BEGIN SOURCE DATA

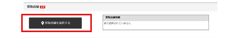 ご注文方法の指定画面にて、「受取店舗を選択する」ボタンより、表示される店舗一覧から受取店舗をご指定ください。
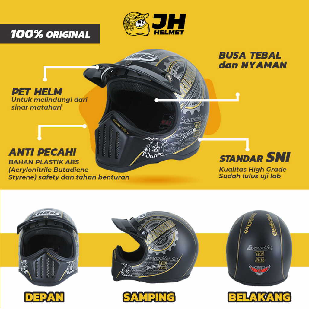 Helm Cakil HBC Srambler + FREE GOOGLE | Helm Retro | Full Face | Jual Helm
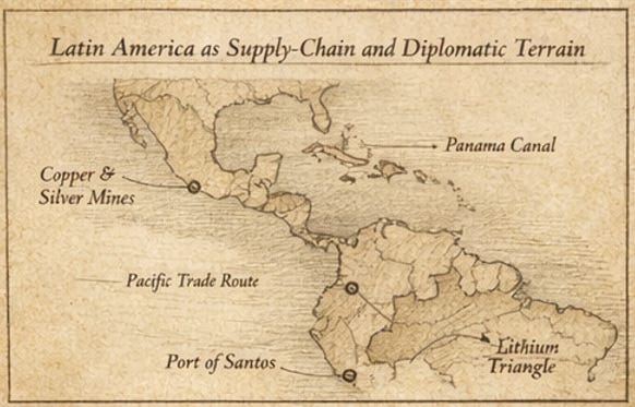Recent reporting by The Wall Street Journal has highlighted China’s efforts to preserve and deepen its access to Latin American supply chains as U.S. policy shifts toward tighter economic and security alignment in the Western Hemisphere. The Journal frames Latin America as a core market for Beijing, but as a region whose alignment affects access to raw materials, ports, infrastructure, and trade routes at a time when globalization is fragmenting under security pressures.¹
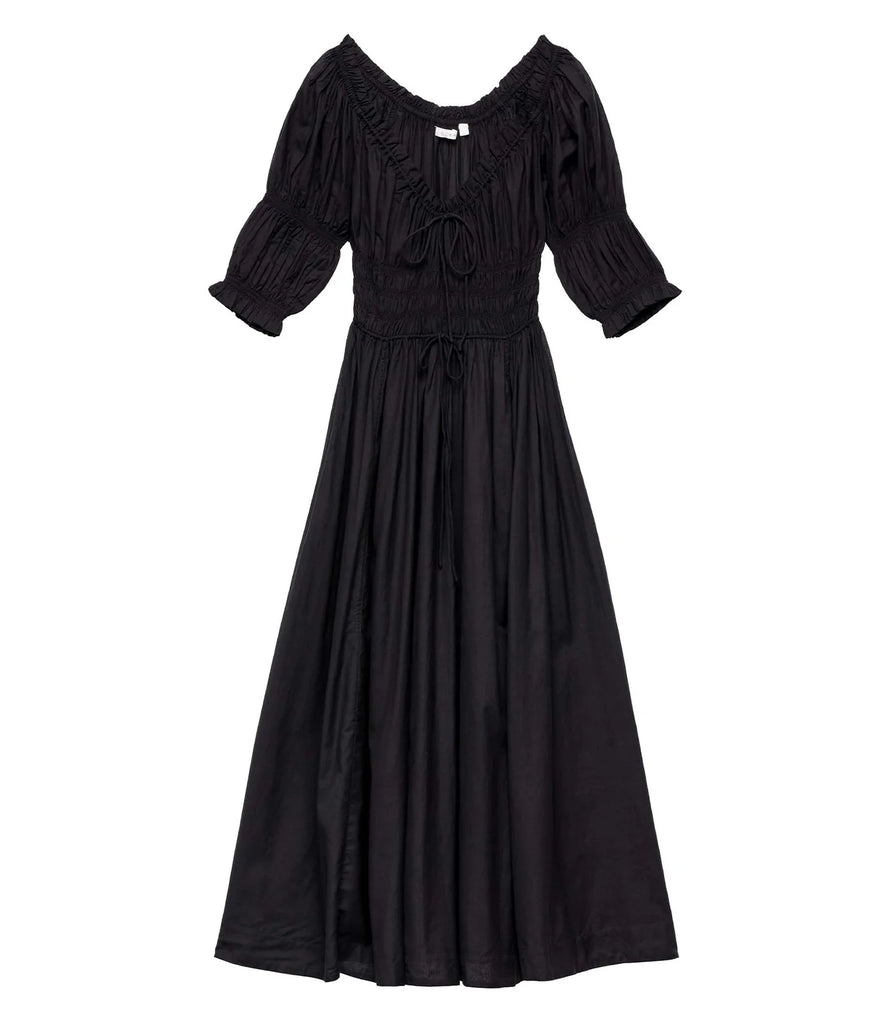 In a soft, lightweight blend of organic cotton voile and viscose, our beloved Ischia Dress—a Favorite Character that first made its debut in Spring 2021—features double-puffed sleeves and a scoop neckline adorned with petite ruffles and a functional center tie. A smocked bodice with an adjustable waist tie gives way to an ankle-grazing A-line skirt.

END SOURCE DATA

Put down exactly the lines of the data above that run from its first line through the line bearing "Helm Cakil HBC", and no pictures.

_ANSWER TO THIS EXERCISE_
 ご注文方法の指定画面にて、「受取店舗を選択する」ボタンより、表示される店舗一覧から受取店舗をご指定ください。
 Helm Cakil HBC Srambler + FREE GOOGLE | Helm Retro | Full Face | Jual Helm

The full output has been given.